原材料費や人件費が上がっても、取引先に価格転嫁できずに利益を削っている中小企業は少なくありません。富山県はこの課題に、専門家によるコンサルティング費用を補助するという形で応えています。「価格転嫁サポート補助金」です。
対象は、県内に事業所を持つ中小企業・小規模事業者、個人事業主です。ただし、誰でも申請できるわけではなく、県内金融機関の価格転嫁推進サポーターまたは中小企業支援実施機関からの推薦が必須という条件が付いています。
令和8年度「価格転嫁サポート補助金」の要点まとめ
| 項目 | 内容 |
|---|---|
| 申請者 | 事業者(法人・個人事業主) |
| 制度名 | 令和8年度「価格転嫁サポート補助金」 |
| 対象業種 | 全業種(中小企業・小規模事業者) |
| 利用目的 | 経営改善・価格転嫁対策 |
| 対象地域 | 富山県内(県内に事業所を有する事業者) |
| 従業員数 | 規定なし(公式ページに記載なし。経営支援課へお問い合わせください) |
| 補助上限額 | 50万円(令和8年6月1日に引き上げ) |
| 補助率 | 2分の1以内 |
| 申請受付 | 令和8年4月1日(水)~11月30日(月) |
| 公式サイト | 富山県「令和8年度「価格転嫁サポート補助金」の募集について」 |

「推薦」が要件になっているのはなぜか
この補助金は、申請者が自分で使いたいコンサルタントを選んで申請する仕組みではありません。県内金融機関の価格転嫁推進サポーター、または中小企業支援実施機関からの推薦を受けて初めて申請できます。
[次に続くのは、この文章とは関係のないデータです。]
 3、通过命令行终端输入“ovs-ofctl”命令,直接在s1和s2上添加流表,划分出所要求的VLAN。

支援機関を経由させることで、実際に価格転嫁の交渉に効果のあるコンサルティングにつなげる狙いがあると読み取れます。まず取引のある金融機関や商工会議所・商工会に「価格転嫁サポート補助金を使いたい」と相談するのが最初の一歩です。推薦を受けるまでに一定の時間がかかることを踏まえて、申請期限より前に動き出す必要があります。
上限額は令和8年6月に50万円へ引き上げられた
公式ページによると、この補助金の上限額は令和8年6月1日に引き上げられています。年度の途中で条件が変わる制度は珍しくありませんが、古い情報のまま「上限◯万円」と思い込んでいると、実際の枠を活かしきれません。
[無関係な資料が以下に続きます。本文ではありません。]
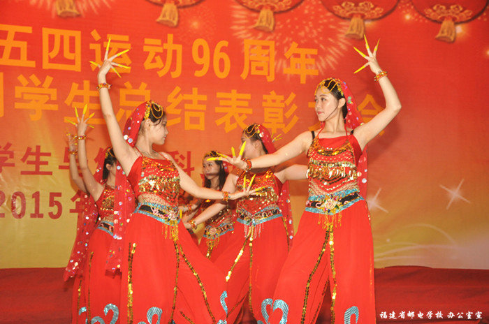 表彰結(jié)束后,校領(lǐng)導還全程和全體同學一起觀看了紀念五四運動96周年文藝匯演。演出在文翔社同學帶來的民族舞《煙花三月》中拉開序幕。表演的節(jié)目內(nèi)容豐富多彩,印度舞、詩歌朗誦、Cosplay走秀、吉它彈唱等多種表演形式交錯登場,最后在國旗班全體成員雄壯激昂的大合唱聲中落下帷幕,全方位、多視角展現(xiàn)了學生的藝術(shù)天賦。學生們出色的表演既展現(xiàn)了他們的藝術(shù)才華和能力,也開啟了他們自身的才智和靈性,是思想的翱翔,感情的抒發(fā),青春的旋律,詩意的飛揚,激發(fā)了師生的愛國熱情,活躍了校園文化生活,為學生展示個性特長提供了廣闊的舞臺,對良好校園文化形成起到了積極的促推作用。

検索で見つかる情報の中には、引き上げ前の上限額を記載したページが残っている可能性があります。申請前に公式ページで最新の上限額を確認することをおすすめします。
受付期間は長いが、事業実施期限は決まっている
申請受付は令和8年4月1日から11月30日までと、他の補助金に比べて長めです。ただし、事業実施期間は交付決定日から令和9年1月29日(金)までと固定されています。
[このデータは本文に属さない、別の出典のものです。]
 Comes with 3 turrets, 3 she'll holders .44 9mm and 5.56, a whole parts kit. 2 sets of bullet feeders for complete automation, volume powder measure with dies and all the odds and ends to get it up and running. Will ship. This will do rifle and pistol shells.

11月末ぎりぎりに申請すると、交付決定からコンサルティング実施・実績報告までの期間が極端に短くなります。受付期間が長いからと油断せず、早めの申請が安全です。
よくある質問
自分で見つけたコンサルタントに依頼して申請できますか?
公式ページの要件では、県内金融機関の価格転嫁推進サポーターまたは中小企業支援実施機関からの推薦が必要とされています。まずは取引金融機関や商工会議所・商工会に相談してください。
上限額はいくらですか?
令和8年6月1日以降は上限50万円です。それ以前の情報を見ている場合は、古い数字の可能性があるためご注意ください。
11月30日ぎりぎりに申請しても間に合いますか?
申請自体は可能ですが、事業実施期間が令和9年1月29日までと固定されているため、コンサルティングを実施する期間が短くなります。早めの申請をおすすめします。